→ **Data excerpts**
____
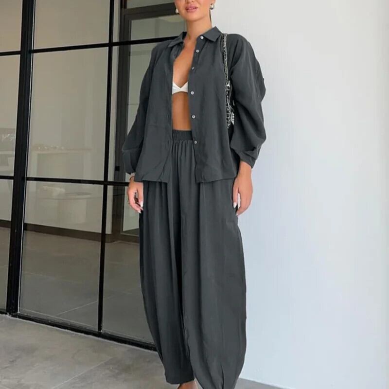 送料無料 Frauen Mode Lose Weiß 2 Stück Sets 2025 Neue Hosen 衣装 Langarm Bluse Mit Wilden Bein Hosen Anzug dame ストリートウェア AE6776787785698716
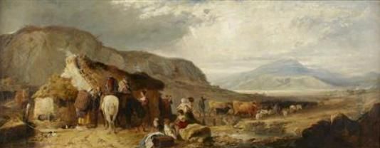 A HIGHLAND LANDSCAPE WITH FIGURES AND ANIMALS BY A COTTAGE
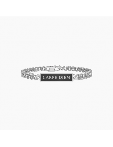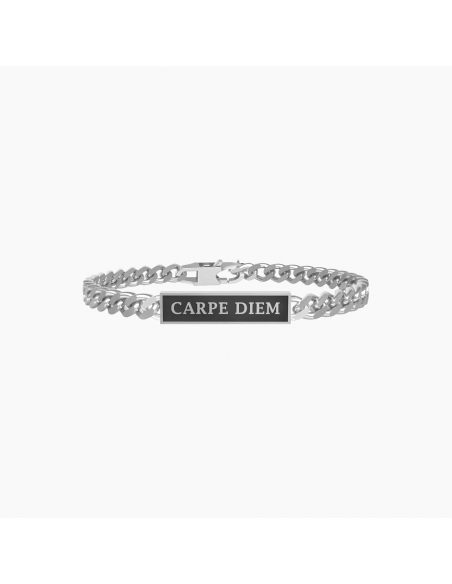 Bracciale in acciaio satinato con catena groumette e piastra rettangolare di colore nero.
____
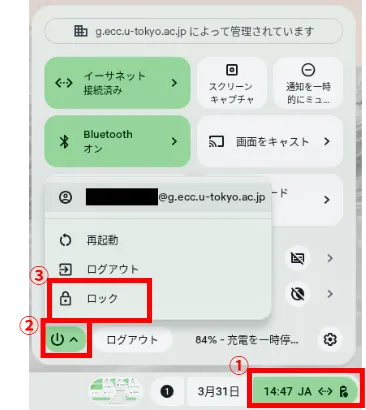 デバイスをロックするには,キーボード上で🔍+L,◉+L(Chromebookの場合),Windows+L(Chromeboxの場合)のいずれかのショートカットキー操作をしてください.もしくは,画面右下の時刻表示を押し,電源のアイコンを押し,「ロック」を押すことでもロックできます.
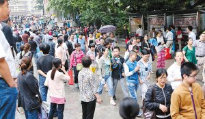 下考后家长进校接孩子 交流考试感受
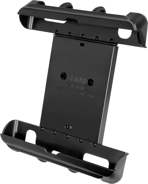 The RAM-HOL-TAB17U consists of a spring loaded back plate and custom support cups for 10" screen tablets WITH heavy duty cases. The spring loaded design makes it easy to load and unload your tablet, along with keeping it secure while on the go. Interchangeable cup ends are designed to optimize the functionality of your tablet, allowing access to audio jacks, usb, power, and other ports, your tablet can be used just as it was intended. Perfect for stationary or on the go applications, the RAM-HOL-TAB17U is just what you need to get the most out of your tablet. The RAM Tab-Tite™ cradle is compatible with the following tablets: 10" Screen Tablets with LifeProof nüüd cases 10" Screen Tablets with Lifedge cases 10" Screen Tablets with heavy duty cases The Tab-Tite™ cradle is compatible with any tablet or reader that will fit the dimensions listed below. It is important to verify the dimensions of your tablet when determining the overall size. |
____
→ **What the task requires**
Nothing but the lines above from the line with "送料無料 Frauen Mode" up to and including the line with "Bracciale in acciaio" should be returned, exactly as written and without pictures.

→ **Exercise output**
 送料無料 Frauen Mode Lose Weiß 2 Stück Sets 2025 Neue Hosen 衣装 Langarm Bluse Mit Wilden Bein Hosen Anzug dame ストリートウェア AE6776787785698716
 A HIGHLAND LANDSCAPE WITH FIGURES AND ANIMALS BY A COTTAGE
 Bracciale in acciaio satinato con catena groumette e piastra rettangolare di colore nero.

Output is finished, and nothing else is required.